• INSTRUCTIONS TO FOLLOW: Without reproducing any image, print the listing below exactly.

• COLLECTED DATA:
-- Opening Marker --
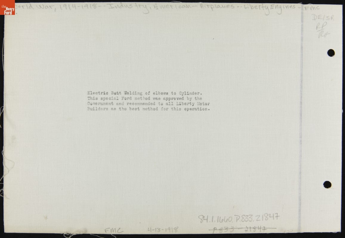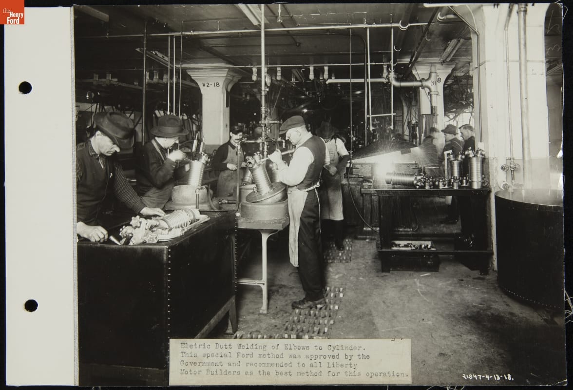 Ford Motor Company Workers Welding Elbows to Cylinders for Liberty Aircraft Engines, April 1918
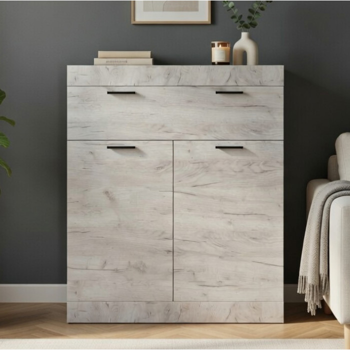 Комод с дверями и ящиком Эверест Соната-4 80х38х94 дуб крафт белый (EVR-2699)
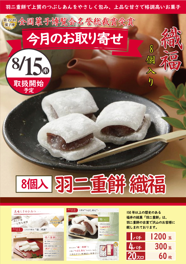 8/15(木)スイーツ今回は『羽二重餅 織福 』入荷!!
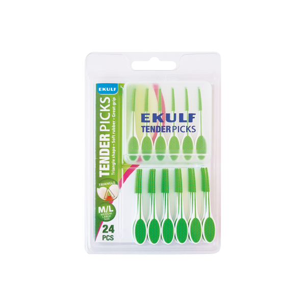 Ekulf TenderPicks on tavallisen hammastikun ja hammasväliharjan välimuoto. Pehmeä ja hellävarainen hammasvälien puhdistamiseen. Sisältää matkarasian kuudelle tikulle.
-- Closing Marker --
• RESPONSE AREA:
 Ford Motor Company Workers Welding Elbows to Cylinders for Liberty Aircraft Engines, April 1918
 Комод с дверями и ящиком Эверест Соната-4 80х38х94 дуб крафт белый (EVR-2699)
 8/15(木)スイーツ今回は『羽二重餅 織福 』入荷!!
 Ekulf TenderPicks on tavallisen hammastikun ja hammasväliharjan välimuoto. Pehmeä ja hellävarainen hammasvälien puhdistamiseen. Sisältää matkarasian kuudelle tikulle.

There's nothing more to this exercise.